La riorganizzazione e riqualificazione del servizio regionale e locale punta anche sul potenziamento dei nodi di interscambio, ferrovia-ferrovia, ferrovia-autobus, autobus-autobus, ferrovia-autobus-veicolo privato.
Il nodo di interscambio rappresenta un punto di connessione tra le linee di differente livello e dovrà garantire, oltre l’agevole trasbordo da un sistema di servizio ad un altro, o tra differenti linee di uno stesso servizio, adeguate strutture di “servizi diversi” all’utenza.

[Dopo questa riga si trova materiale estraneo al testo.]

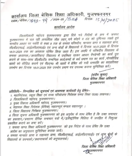 जिलाधिकारी द्वारा दिये गये निर्देशों के क्रम में जनपद मुजफ्फरनगर में चल रही अत्याधिक शीत लहर, घने कोहरे व ठंड को दृष्टिगत रखते हुये मानवीय आधार पर नर्सरी से कक्षा 8 तक के समस्त परिषदीय, मान्यता प्राप्त व सहायता प्राप्त, सी०बी०एस०ई, आई०सी०एस०ई० एवं अन्य बोर्डो के विद्यालयो में दिनांक 16.01.2025 से दिनांक 18.01.2025 तक का अवकाश घोषित किया जाता है। इस अवधि में परिषदीय विद्यालय के समस्त अध्यापक/अध्यापिकाएं विद्यालय में उपस्थित रहकर आधार पैनडेन्सी का कार्य पूरा कराने के साथ-साथ डी०बी०टी० सम्बन्धित कार्य, बच्चों के बर्थ प्रमाण पत्र का कार्य, नोनसीडिड खातों को सीडिड कराने एवं पी०एम० श्री खातों में प्रेषित की गयी धनराशि का शत्प्रतिशत उपभोग कर दिनांक 19.01.2025 तक उपभोग प्रमाण पत्र उपलब्ध कराना सुनिश्चित करें।
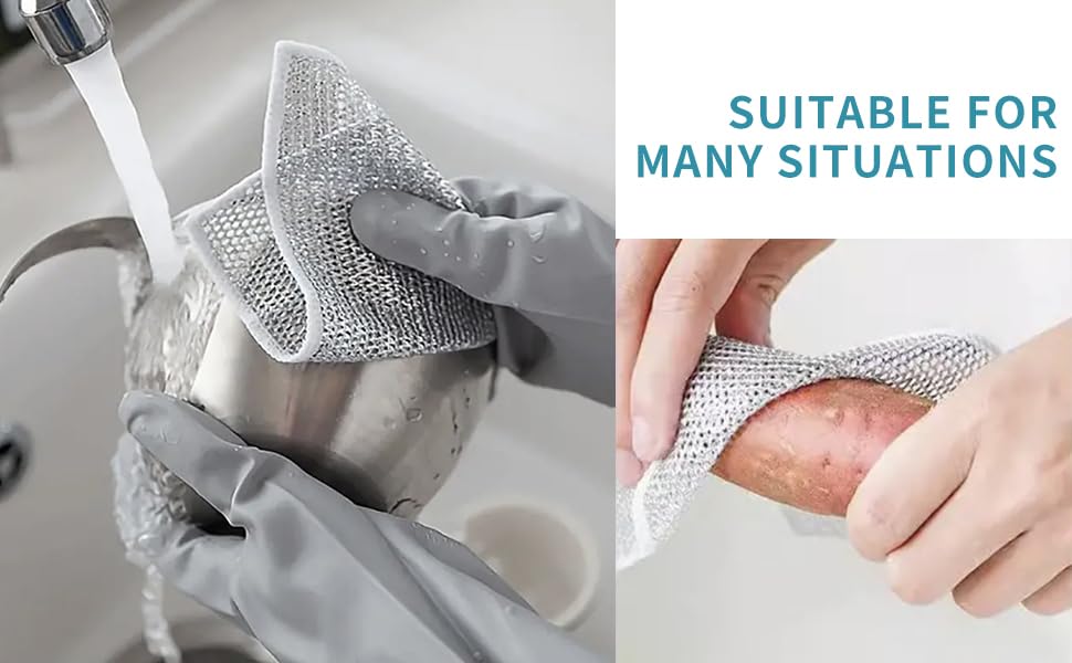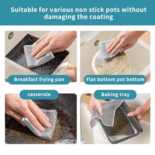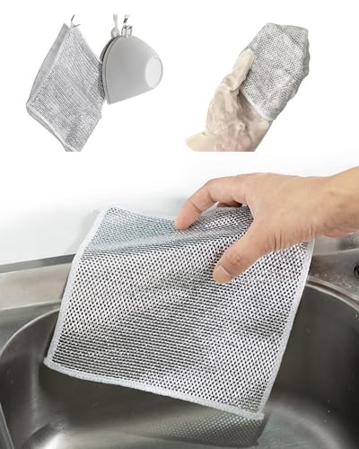 - 🌿 【FRIENDLY AND ENVIRONMENTALLY FRIENDLY, EASY TO CLEAN AND USE MULTIPLE TIMES】 No more need to use those disposable dishcloths or sponges with multifunctional non-scratch wire dishcloth, this cloth is easy to clean and can be reused hundreds of times, with excellent seam edges Craftsmanship to keep it new and lasting.
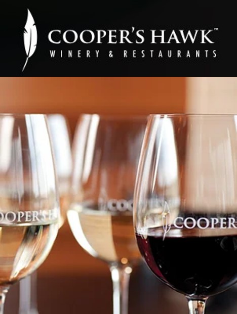Coopers Hawk Winery Package: Two Dinner for One certificates, each of which includes one entree, one glass of wine and tax. (value up to $130) Expire 1/31/24.
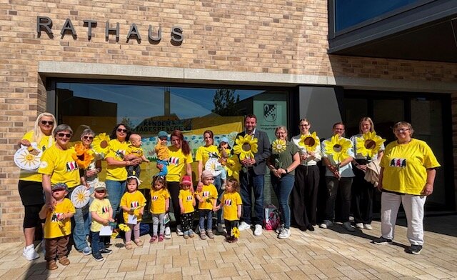 Schon von weitem fiel die fröhliche Gruppe auf dem Rathausplatz ins Auge: Alle Kinder und Tagesmütter waren in gelbe T-Shirts gekleidet und trugen eine selbstgebastelte Sonnenblume in der Hand.
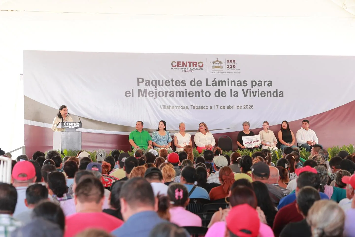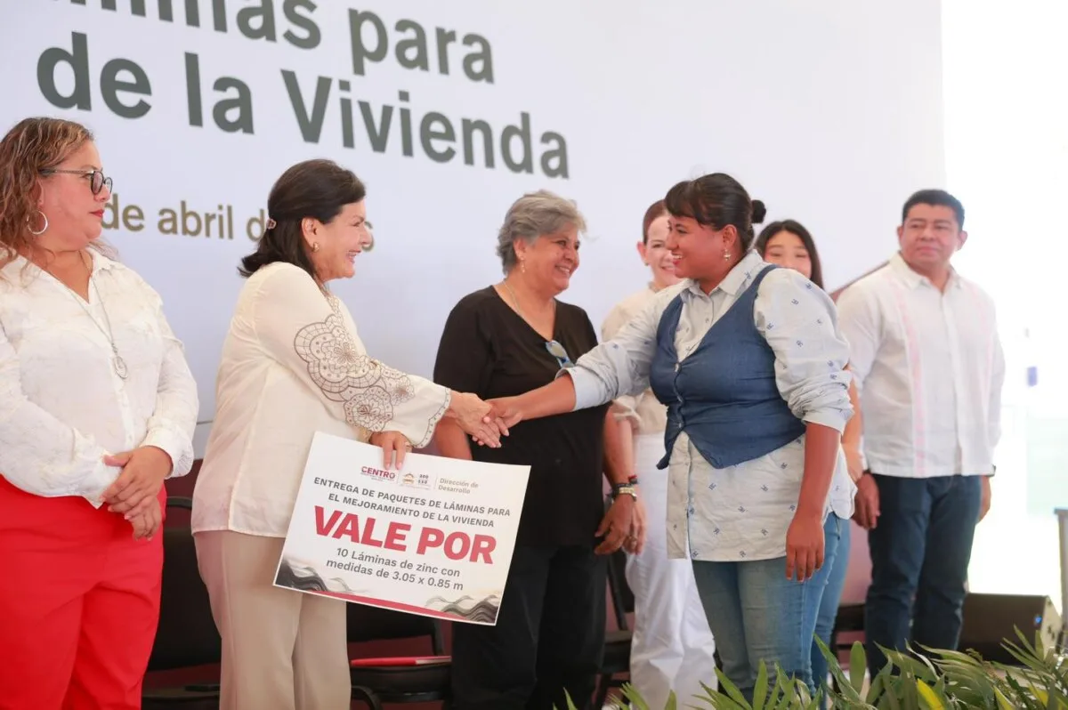 La alcaldesa de Centro, Yolanda Osuna Huerta, encabezó la entrega de mil 300 paquetes de láminas en el fraccionamiento Lagunas, con una inversión de 3.3 millones de pesos, como parte de las acciones para mejorar las condiciones de vivienda de las familias.
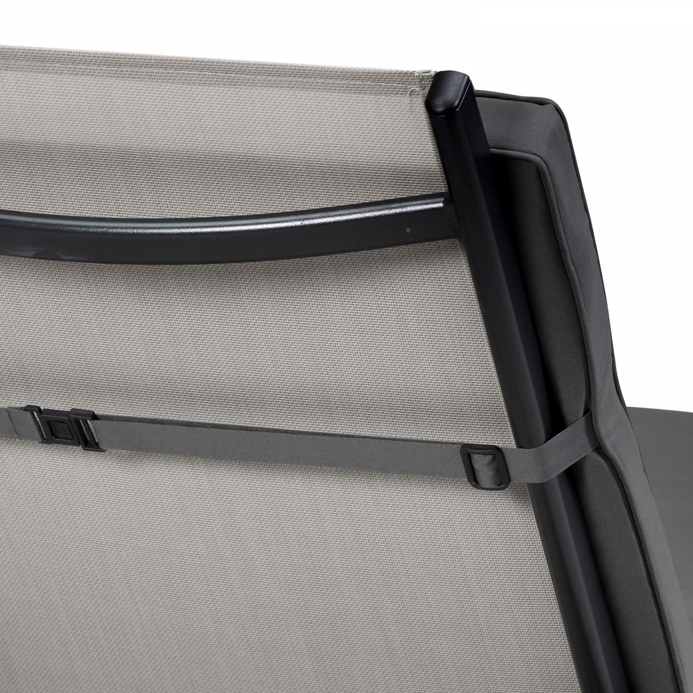 grâce à la sangle, il suffit de glisser le coussin sur le bain de soleil / transat / chaise longue, puis de le fixer avec les 2 liens latéraux.
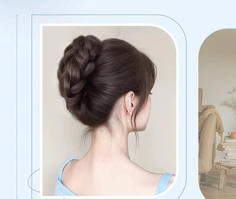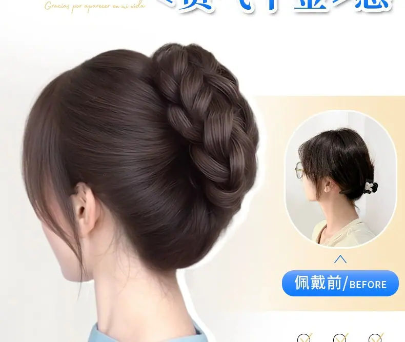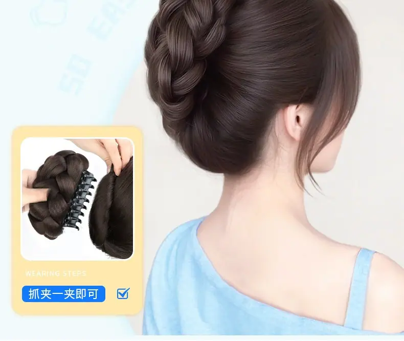 Rabo de Cavalo Baixo com Penas de Galinha Bola de Cabelo Feminino Cabelo Artificial Clipe Peruca Coque Cabelo Natural Fofo Peruca Bolsa
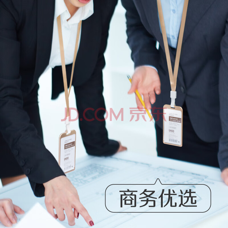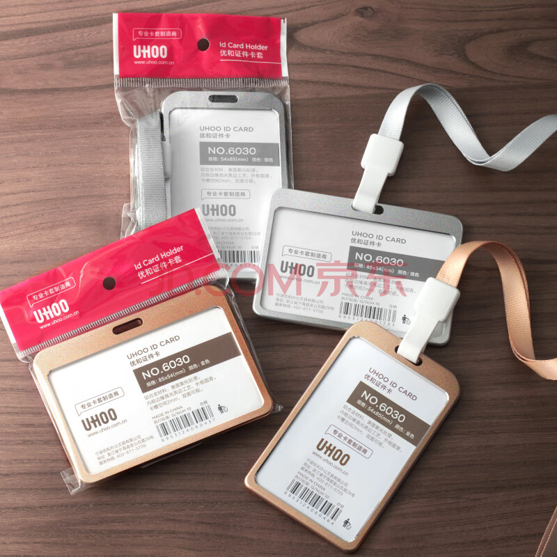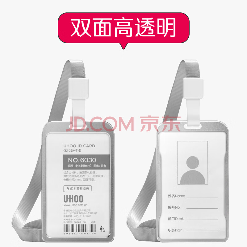 商品相册:优和(UHOO)工作牌工牌铝合金双面证件卡套 竖式 1个卡套+1根挂绳 员工金属胸牌厂牌工作证 银色 6038第
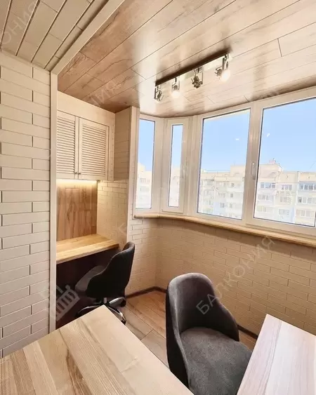 Отделка эркерной лоджии ламинатом и стеновым паркетом
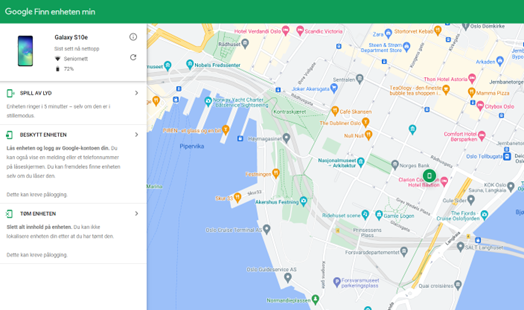 Nå du har gått inn på nettstedet ,vil du se et kart der du ser hvor mobilen befinner seg, og du har noen valg for hva du vil gjøre.
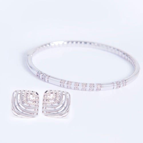 Conjunto de bracelete e brincos em ródio branco com aplicação de zircônias cristais é luxuoso e que te deixa em destaque em qualquer situação.
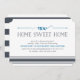 Modern and stylish housewarming party invitation features "New Home Sweet Home" in smoky navy and lagoon blue typography, with a striped border in dusty navy blue. Personalise with your party details in matching navy and lagoon lettering.
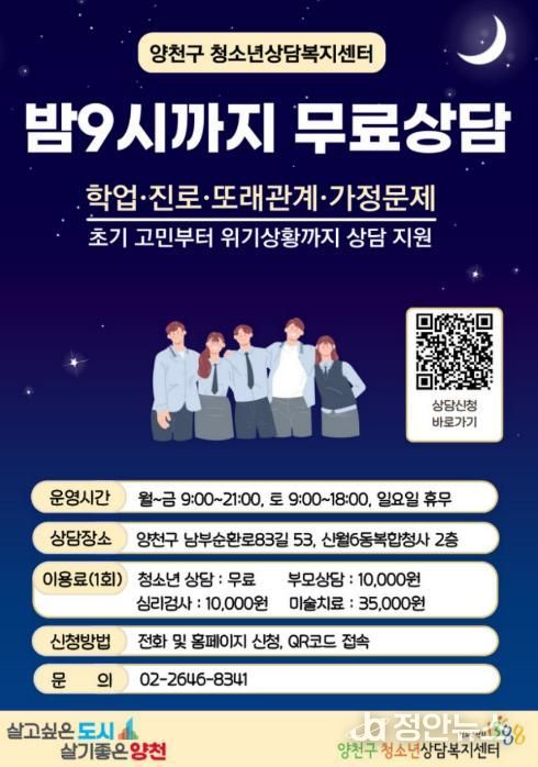 정안뉴스 안정주 기자 | 양천구가 심리적·정서적 어려움을 겪고 있는 청소년의 건강한 성장을 돕기 위해 마음건강 지원 강화에 나섰다. 올해부터 청소년상담복지센터 개인상담 서비스를 전면 무료화하고, 평일 밤 9시까지 연장 운영에 돌입한다.
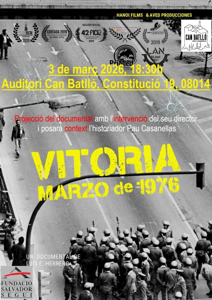 📣 El dimarts 3 de març a les 18.30h, a l’auditori de Can Battló, projecció del documental 'Vitoria marzo de 1976', amb intervencions del seu director, Luis E. Herrero, i de l'historiador Pau Casanellas.
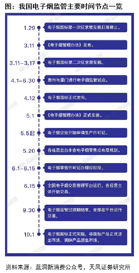 2)受理进程:根据《电子烟》微信公众号报道,截至6月30日,国家烟草专卖局官网显示已经有35家电子烟企业获得烟草专卖生产企业许可证。我们认为主管部门完成对其他相关提报申请的企业进行初核和审核程序后,国内市场近期或将陆续迎来更多数量的生产许可证落地和发放。
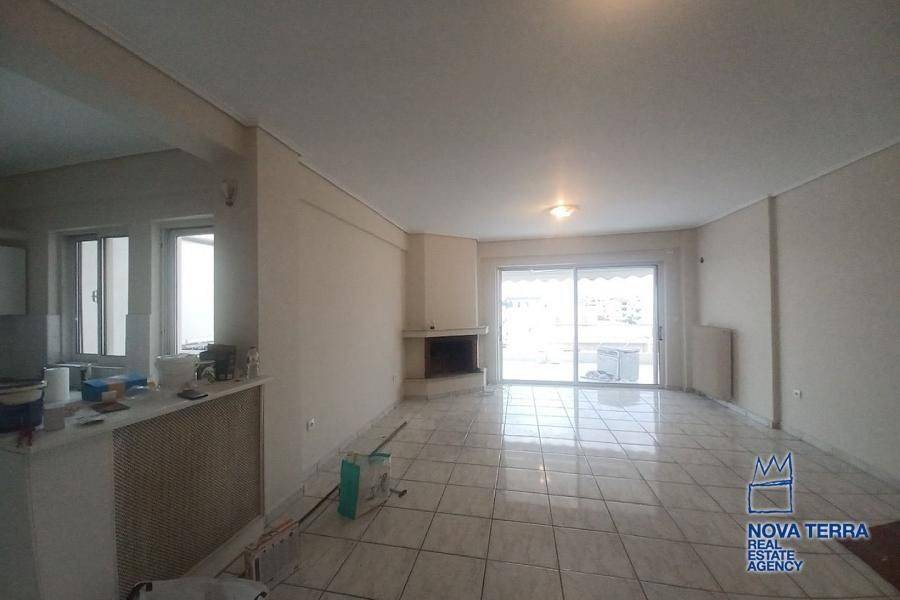 GLYFADA - PYRNARI, Penthouse,, Rental, 118 sq.m, year built 1996, 4 rooms, 4th, View: Unobstracted view, Various Characteristics: Balcony, Bath (2), Escalator, Fire Place, Kitchen, Living room, Refurbished, Store Room, Flooring: Tile, Wooden floor, Heating: Air Conditioning, Αutonomous oil heating, Access road, Aluminium panels, Bright, From Side to Side, Luxury, Night charge, Painted, Residential area, Security Alarm, Security Door, Solar Heating, Tents, In perfect condition: Parking area: Parking, Energy class: D. property ID: 52925, www.nova-terra.gr
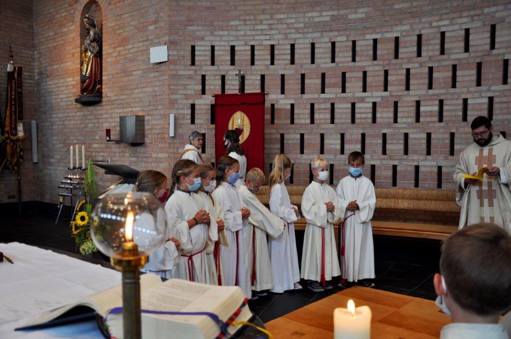 P. Jakobus rief in seiner Erntedankpredigt dazu auf, sich bewusst mit Lebens- und Nahrungsmitteln auseinanderzusetzen, denn nichts ist selbstverständlich! Die Pfarre mit P. Jakobus und Pastoralassistentin Ingrid Verres an der Spitze nutzten diesen festlichen Anlass, um die vielen neuen Ministrantinnen und Ministranten nun offiziell der Pfarre vorzustellen und sie aufzunehmen. Auch wir wünschen den vielen Kids viel Freude bei der Ausübung ihrer neuen Aufgabe.
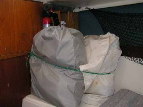 The bug screen for the forward hatch now lies on the narrow shelf.
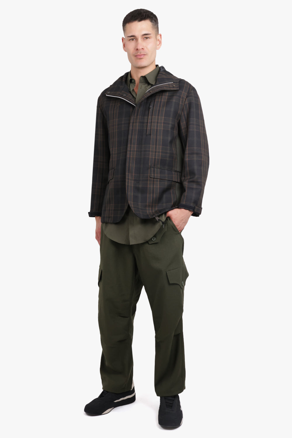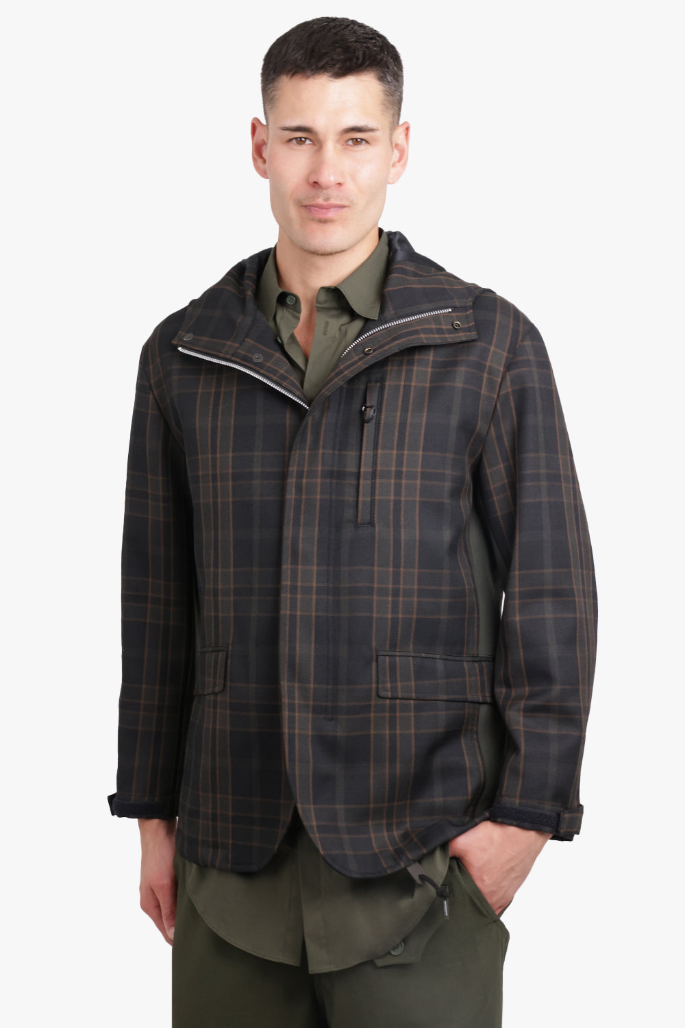 Check Print Parker Jacket With Pocket Detail | Green/Black
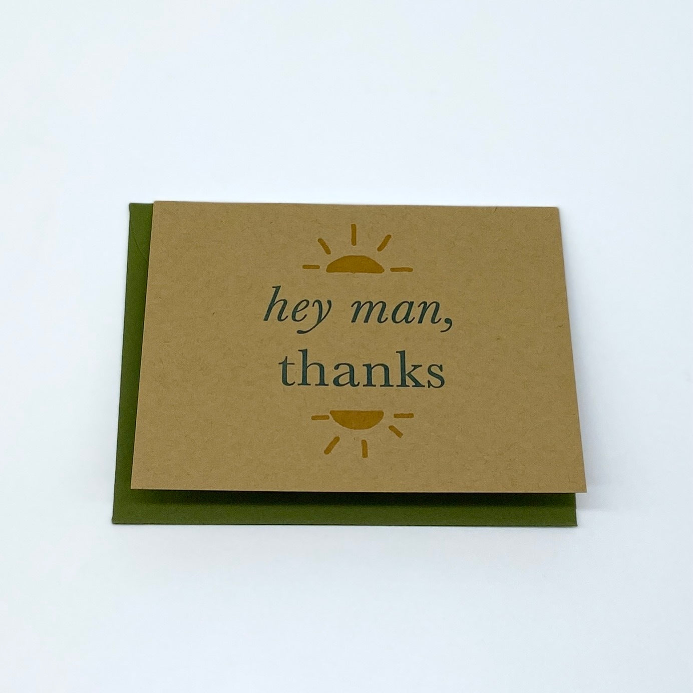 To-the-point and straightforward—the perfect way to express your gratitude. This handmade Thank You card features a blank interior for your personalized message. Our 100% eco-friendly cards are letterpress printed with polymer plates on recycled paper and packaged in a biodegradable clear sleeve.
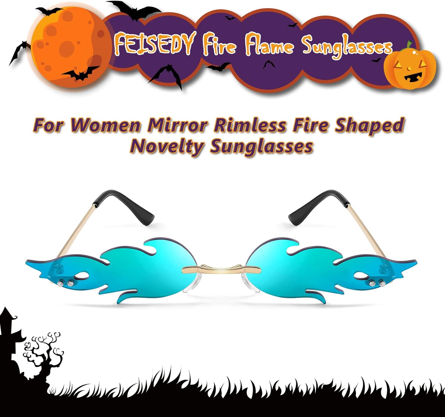 Fire Flame Mirror Rimless Novelty Sunglasses
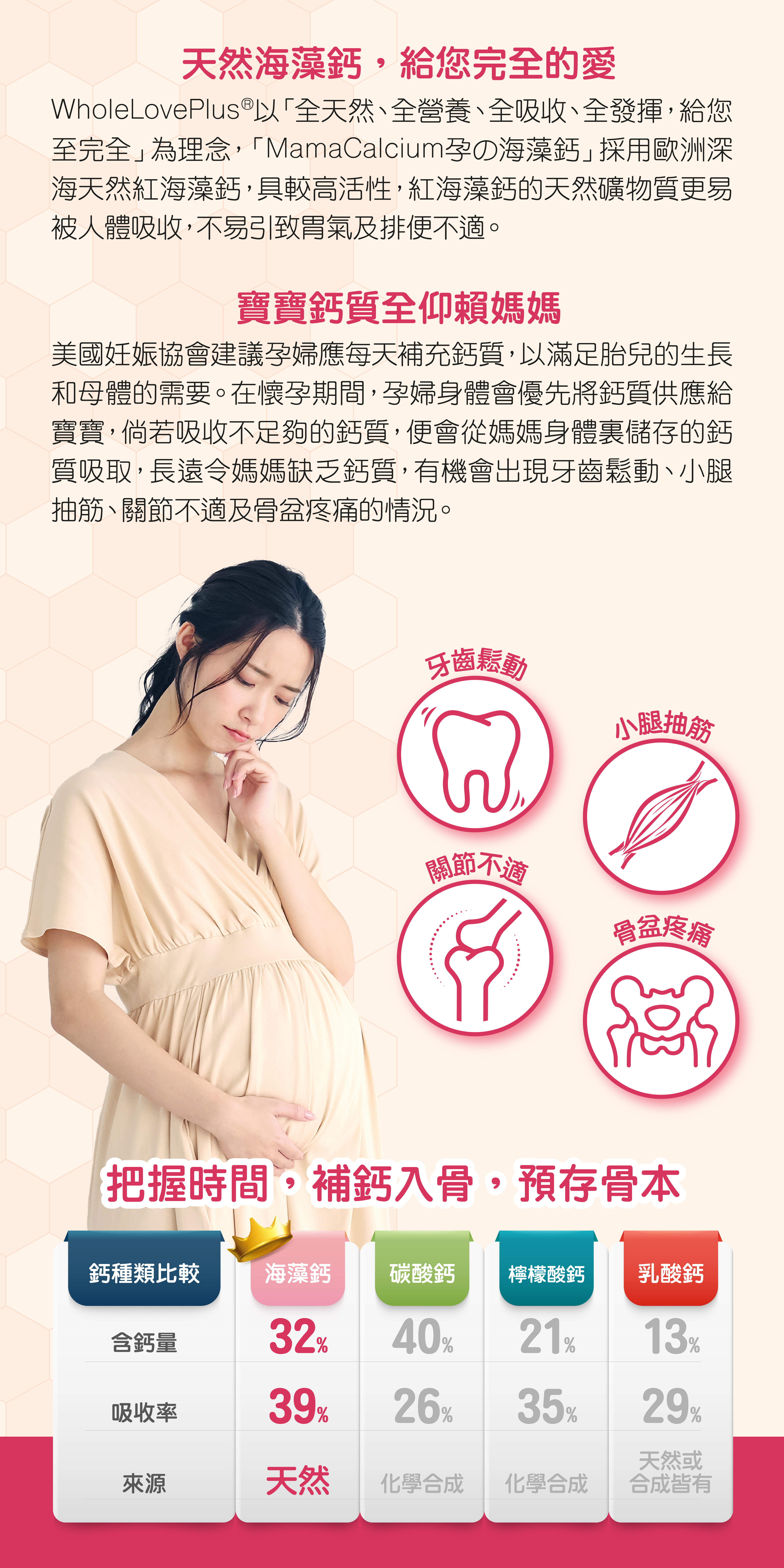 • 孕婦金三角鈣配方:補骨鈣、促消化、助育腦
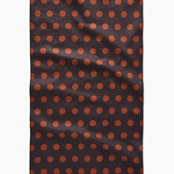 Upgrade your kitchen with our Geometry - Cocoa Dots Tea Towel. Made from recycled polyester, this 18" x 30" towel offers superior cleaning and next-level absorbency thanks to its waffle weave construction. Hang loop and quick-drying fabric make it both cute and practical. Elevate your tea time in style!

Infatti, il miglioramento delle condizioni di trasbordo (locali confortevoli, servizi commerciali, informazioni, ecc.) è la premessa indispensabile per una concreta e razionale ripianificazione delle reti di trasporto pubblico.
I poli di integrazione di primo livello indicati dal Piano Regionale dei Trasporti sono i capoluoghi di provincia (Cagliari, Sassari, Nuoro, Oristano, Sanluri-S. Gavino, Olbia-Tempio, Tortolì-Lanusei e Iglesias-Carbonia), più il centro di Macomer.
I nodi di interscambio di livello inferiore, che si riferiscono a microambiti territoriali, possono essere individuati nei centri di Samassi, Serramanna, Marrubiu, Uras-Ales, Isili-Laconi, Senorbì-Mandas, Abbasanta-Ghilarza, Ozieri, Ploaghe, Perfugas, Siniscola.
La localizzazione dei nodi di interscambio (gomma-gomma, gomma-ferro, individuale-collettivo) svolge un ruolo determinante nel disegno della rete.
Un fattore importante è rappresentato dalla riconoscibilità degli stessi nodi di interscambio nel territorio; infatti, la percezione dei punti di integrazione fra i diversi livelli e modi di servizio contribuisce ad una migliore leggibilità dello stesso da parte dell’utente.

L’estensione dell’intermodalità in tutto il territorio dell’isola e l’integrazione tra i vari sistemi di trasporto treno, bus e auto.

A tal fine la Regione ha programmato e finanziato la realizzazione di dieci centri intermodali:
• centro intermodale di San Gavino;
• centro intermodale di Carbonia;
• centro intermodale di Sassari;
• centro intermodale di Iglesias;
• centro intermodale di Macomer;
• centro intermodale di Abbasanta;
• centro intermodale di Oristano;
• centro intermodale di Nuoro;
• centro intermodale di Tortolì;
• centro intermodale di Sassari;
• centro intermodale di Villamassargia.

In aggiunta ai suddetti nodi di interscambio gomma-ferro, nelle aree ove non vi sia la presenza dell’infrastruttura ferroviaria, la Regione intende individuare centri d’integrazione e di scambio tra lo stesso modo di trasporto (gomma-gomma), la cui localizzazione risulta un fattore strategico al fine di una completa unitarietà ed integrazione della rete del trasporto pubblico locale.